Her discussion of the personal relationships between and among justices disrupts what many Americans choose to believe about the Court. For example she talks about the close personal friendship between Antonin Scalia and Ruth Bader Ginsberg, two justices who appeared to be opposed on most hot-button issues. Barrett describes their differences as arguing, not quarrelling, an approach she recommends for the rest of us when with others who disagree. Good advice, that.
The popular image of a Supreme Court split down Republican-Democrat lines just doesn’t align with the facts, as Barrett reports them. In her tenure on the Court, one with a 6-3 Republican appointee majority, approximately half of the cases resulted in unanimous or near unanimous decisions. The other half had multiple alignments of majority-minority opinions and only several handfuls broke down based on political party appointment.
Barrett describes this as a “baked-in need for compromise.” It’s what allows the Court to function productively. The justices have to get along in what she calls “an arranged marriage with no option for divorce.”
Barrett’s chapters on how the Court works are quite interesting. One learns the importance of the law clerks, similar to Congressional aides, and the close personal relationship between a Justice and his or her four clerks. Barrett knows this relationship from both sides, having served as a Scalia clerk herself.

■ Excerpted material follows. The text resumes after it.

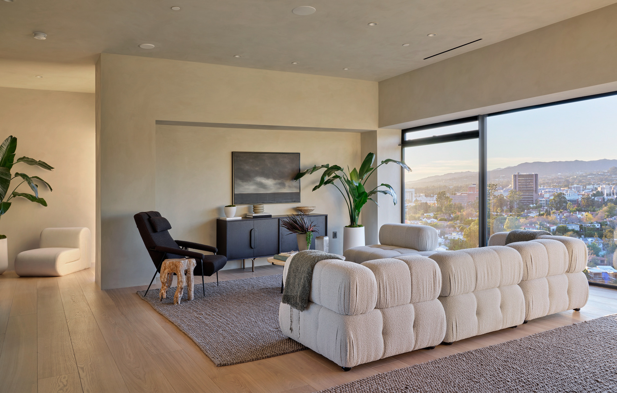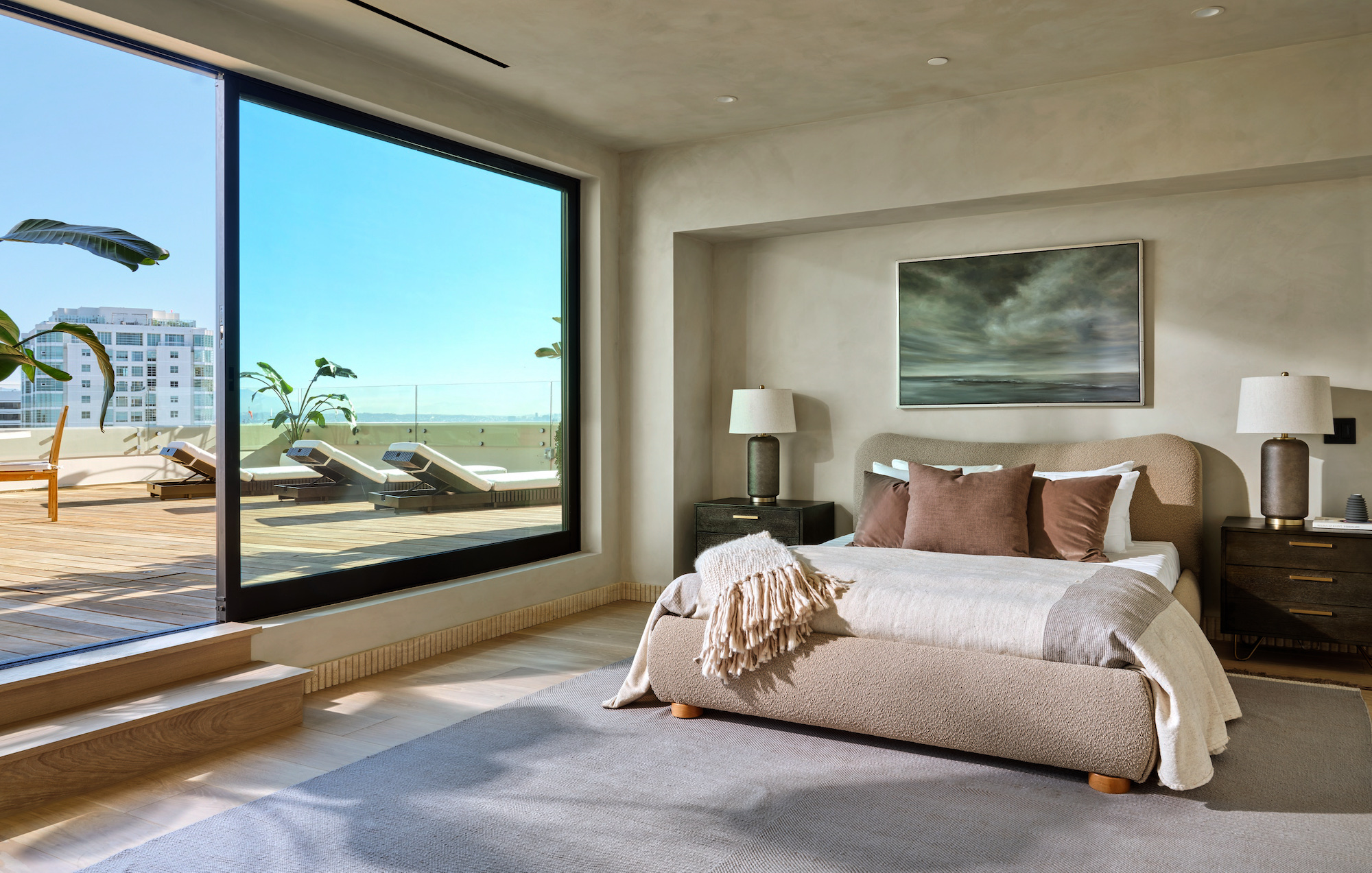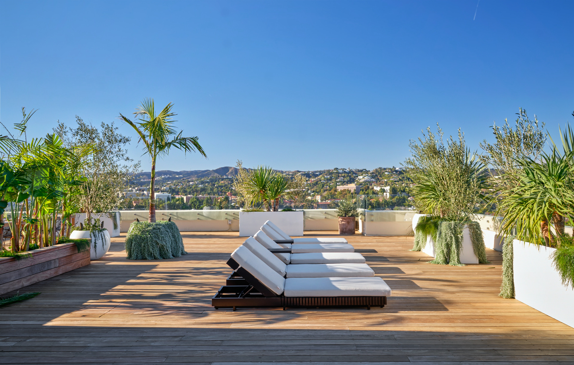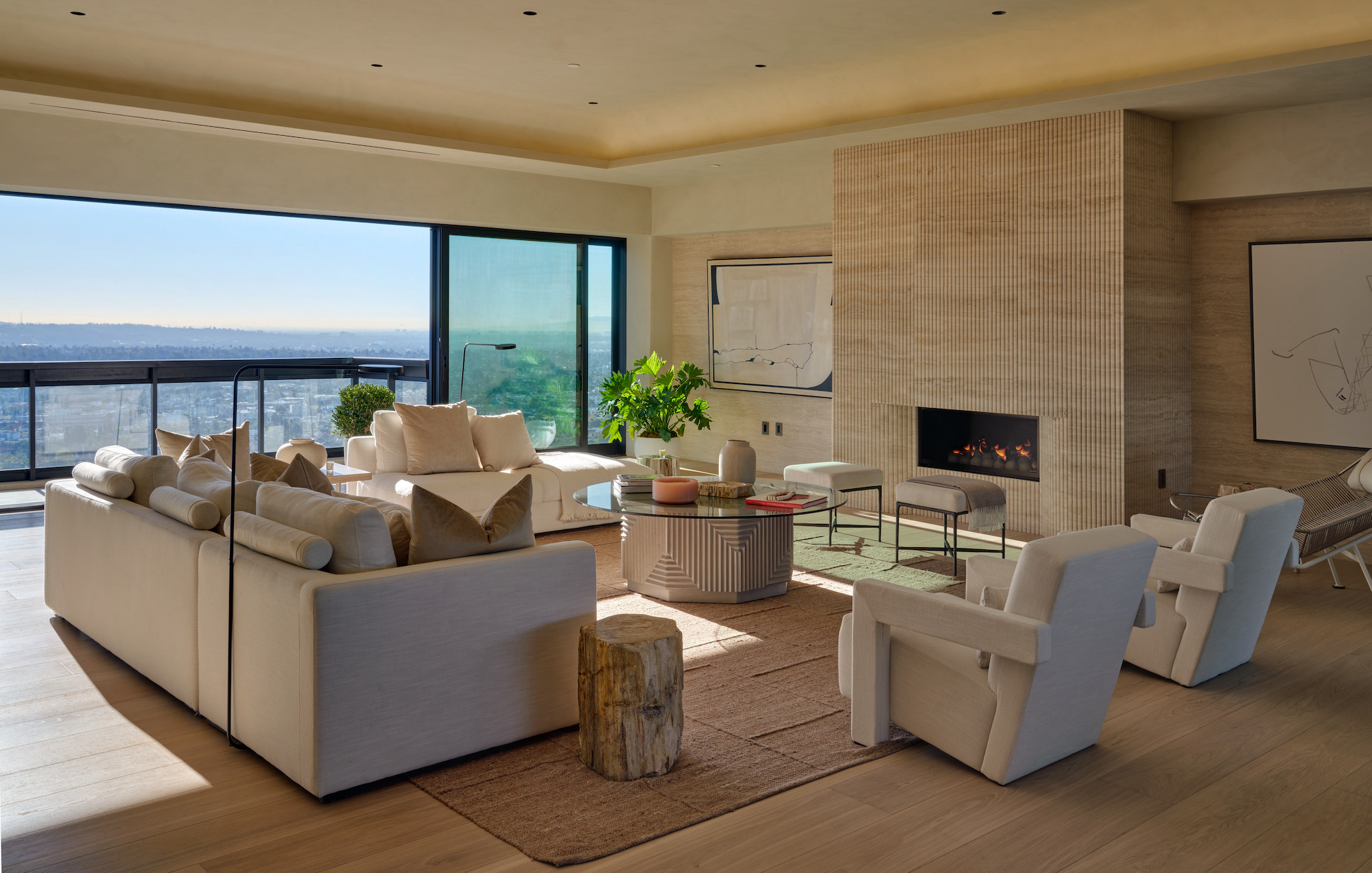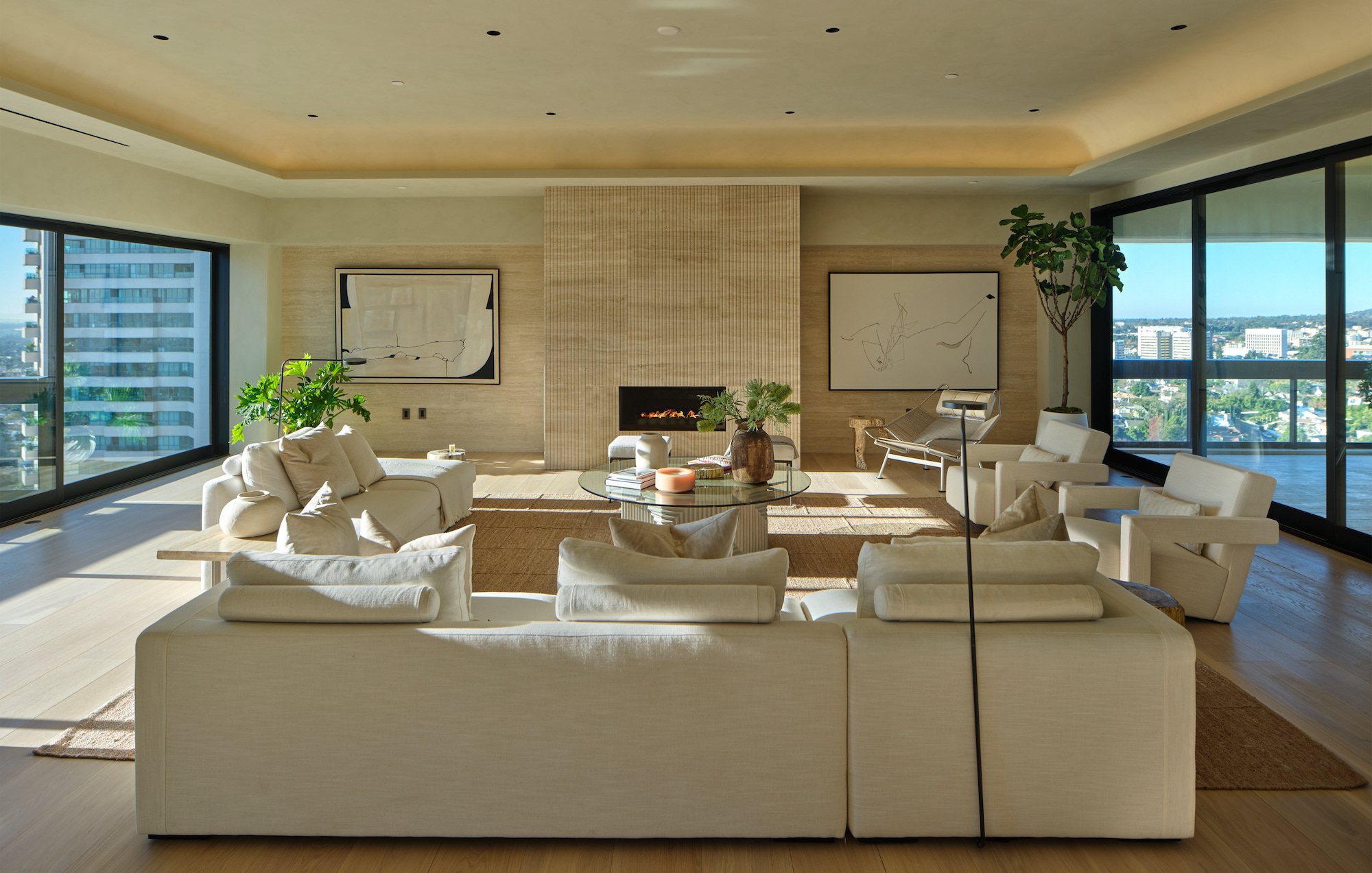 Welcome to the magnificent Penthouse that redefines luxury living. Spanning over 12,000 square feet of both indoor and outdoor space, this residence commands the entire top floor of the iconic Wilshire Grand and boasts one of Los Angeles' most expansive rooftop terraces, a lavish 5,540-square-foot outdoor haven. Boasting five bedrooms and six bathrooms, this residence offers an unrivaled level of privacy, only accessible through a discreet triple elevator entry and safeguarded by 24/7 security. Set high above the city and surrounded by seamless glass, the Penthouse unveils breathtaking 360-degree panoramic views, showcasing iconic landmarks like the Hollywood Sign, the vibrant Downtown city skyline, and the serene Pacific Ocean. The interiors are bathed in soft, natural light, seamlessly blending tranquil bedroom retreats with expansive entertaining spaces. The craftsmanship is impeccable, evident in details such as hand-painted Lime-washed walls, Roman Travertine stone, Mass Beverly kitchen cabinets, Gaggenau appliances, a Sonance stereo system, Articolo lighting fixtures, a Control 4 smart home system, not one but two fireplaces, and wide plank 10-inch European white oak flooring throughout. The spa-like primary bathroom features a custom sculptural stone soaking tub and brushed bronze Hansgrohe AXOR Citterio fittings. The outdoor spaces are a true spectacle with a massive rooftop terrace deck adorned with brand new Brazilian Ipe decking, an outdoor fireplace, and an elegant clubhouse with a full bar and bathroom. Enjoy unparalleled amenities including round-the-clock concierge services, valet parking, access to a top-of-the-line fitness center, a sparkling pool, and a private event room. This remarkable property includes three coveted parking spots. This Penthouse is a once in a lifetime opportunity!

She explains the process for granting emergency relief, which I found quite informative in this age of judge shopping to get what one wants politically. It takes more than a single judge to go along; the plaintiff must show a reasonable possibility of at least four justices to agree.
Her description of the writing of the majority opinion also demonstrates how compromise is crucial to the decision-making process. Sometimes it is only negotiation on minor issues that achieves a majority for a clear decision. The role of Chief Justice is integral to this process as he works to get as many justices to sign on with the majority as he possibly can. The fact that half all decisions during Barrett’s tenure were unanimous or near unanimous is proof of John Roberts’ success at this.
I could pick a few nits with Barrett’s writing style, such as always using the feminine pronoun for an indefinite or mixed group, but my most concerning issue is with her apparent belief that the Constitution is too difficult to amend. To my classical liberal way of thinking, that is one of its strengths. That said, she is not advocating wholesale rewriting of this venerable document, just an easier path to update it to address new issues that rise to a basic law level.
Barrett is not embarrassed to credit Justice Scalia with his influence on her judicial career. She clerked for him and learned from him how to approach difficult cases. The Martin-Quinn score for Scalia is more conservative than Barrett’s but they may grow closer as she works through more terms on the Court.
Barrett is criticized on the right for some of her votes on hot-topic issues, seen by “true” conservatives as a desertion of principle. Reading her book leaves me with two possible explanations for her putative ideological lapses. First, her application of the originalism rubric is the primary tool in her toolbox. Her interpretative analysis of the Constitution is informed more by the Founding Fathers than by any current political movement. Second, her understanding of what is under the hood in Court proceedings enables her to work toward achievable majority opinions that are as non-disruptive as possible.
At least that is my layman’s take on Amy Coney Barrett’s self-described role on the Court. Your mileage may vary, but you can only know that for sure if you read this book. It will be worth your time.
Mark Franke, M.B.A., an adjunct scholar of the Indiana Policy Review and its book reviewer, is formerly an associate vice-chancellor at Indiana University-Purdue University Fort Wayne.